SUMMARY OF THE INVENTION
[0008]One aspect of the present disclosure provides an image system. The image system comprises a hybrid image sensor and control circuitry. The hybrid image sensor comprises an event driven sensing array and a pixel array. The event driven sensing array includes a plurality of event vision sensor (EVS) pixels arranged in EVS pixel rows. One of the plurality of EVS pixels is configured to capture first EVS data corresponding to contrast information of light incident on that EVS pixel within a first time interval. The pixel array includes a plurality of CMOS image sensor (CIS) pixels arranged in CIS pixel rows. One of the plurality of CIS pixels is configured to capture first CIS data corresponding to intensity of light incident on the CIS pixel within a second time interval and to capture second CIS data corresponding to intensity of light incident on the CIS pixel within a third time interval. The control circuitry is configured to perform operations comprising: using the first EVS data to deblur the first CIS data, generating fusion masks and fusion weights at least partially based on at least one of the first EVS data, the first CIS data and the second CIS data, and fusing the deblurred first CIS data and the second CIS data with the fusion masks and the fusion weights. The second time interval precedes the third time interval.
[0009]Another aspect of the present disclosure provides a method of operating an imaging system including a hybrid image sensor. The method comprises: receiving, by control circuitry, first event vision sensor (EVS) data captured from the hybrid image sensor and corresponding to contrast information of light incident on an EVS pixel of the hybrid image sensor within a first time interval; receiving, by the control circuitry, first CMOS image sensor (CIS) data captured from the hybrid image sensor and corresponding to intensity of light incident on a CIS pixel of the hybrid image sensor within a second time interval; receiving, by the control circuitry, second CIS data captured from the hybrid image sensor and corresponding to intensity of light incident on the CIS pixel within a third time interval; deblurring, by the control circuitry, the first CIS data with the first EVS data; generating, by the control circuitry, fusion masks and fusion weights based on at least one of the first EVS data, the first CIS data and the second CIS data; and fusing, by the control circuitry, the deblurred first CIS data and the second CIS data with the fusion masks and the fusion weights. The second time interval precedes the third time interval.
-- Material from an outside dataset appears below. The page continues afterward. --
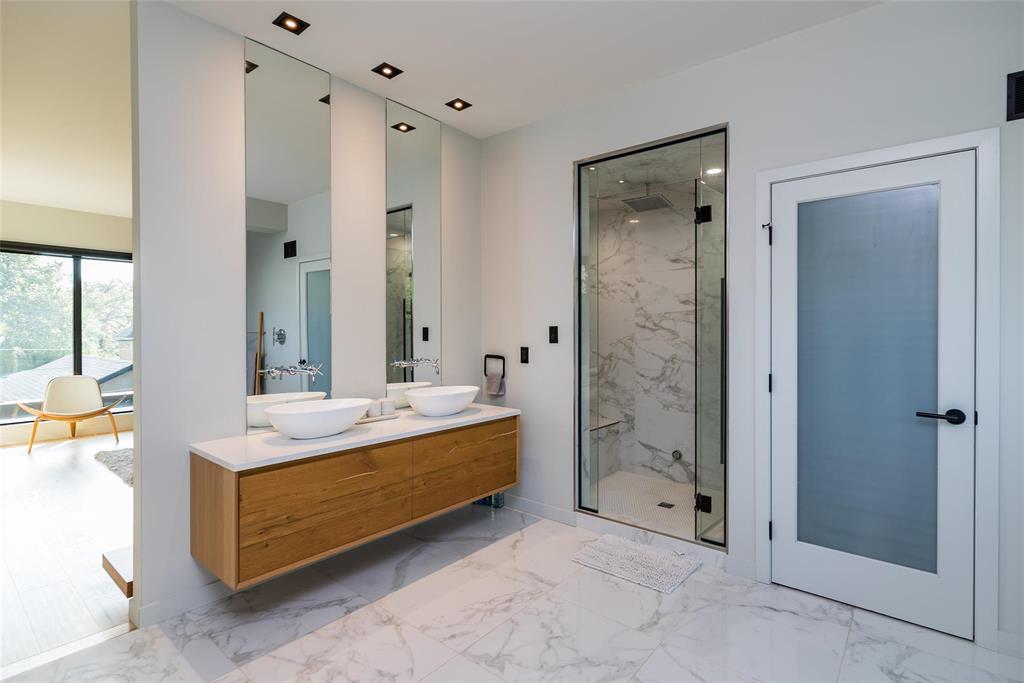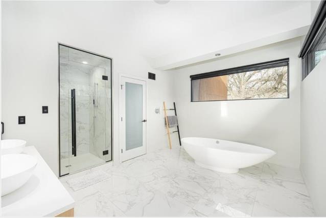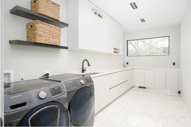 STUNNING, MODERN, CONTEMPORARY, PRESTIGIOUS WELLINGTON CRESCENT LOCATION!!. This 4300 sq ft home offers luxury living at its finest. With 4 bed rooms, each featuring its own ensuite and 4 and half baths. Engineered hardwoods and porcelain tiles with heated floors, floor-to-ceiling fiberglass Duxton windows and a double sided fireplace with cortex steel exterior. Gourmet kitchen with 10 ft waterfall island is a chef's paradise, sleek granite and quartz countertops, custom dual-tone Italian cabinetry, and premium Thermador appliances columns for a fridge, freezer, and wine cooler, plus a built-in microwave, wall oven combo, and warming drawer. Sunken formal dining room, office area/library & spacious family room . A custom reclaimed brick feature wall spans the main level and entertainment loft area, which includes a bar and a three-piece bath to complement the pool area. The spacious master BR features a massive walk-in-closet& a luxurious 5-piece ensuite with a steam shower & a ceiling rainfall to tub. Upstairs, you'll find 3 large bedrooms with ensuites & huge laundry room with custom cabinetry. Step outside to enjoy the 18'x 36' inground UV pool, completing this exceptional property. ACT FAST!

BRIEF DESCRIPTION OF THE DRAWINGS
[0010]Aspects of the present disclosure are best understood from the following detailed description when read with the accompanying figures. It should be noted that, in accordance with the standard practice in the industry, various features are not drawn to scale. In fact, dimensions of the various features may be arbitrarily increased or reduced for clarity of discussion.
[0011]
[0012]
[0013]
[0014]
[0015]
[0016]
[0017]
[0018]
[0019]
DETAILED DESCRIPTION OF THE DISCLOSURE
[0020]The present disclosure pertains to hybrid image sensors, as well as the systems, devices, and methods associated therewith. Specifically, several embodiments of the technology described herein are directed to hybrid image sensors comprising active pixels, such as complementary metal-oxide-semiconductor (CMOS) image sensor (CIS) pixels, in conjunction with event vision sensor (EVS) pixels. Additionally, the disclosure addresses methods for operating such hybrid image sensors to accommodate varying resolutions between CIS and EVS. In the ensuing description, specific details are provided to facilitate a comprehensive understanding of the aspects of the present technology. It is acknowledged that those skilled in the relevant field will recognize that the systems, devices, and techniques described herein may be implemented without one or more of the specific details provided, or may employ alternative methods, components, materials, and the like.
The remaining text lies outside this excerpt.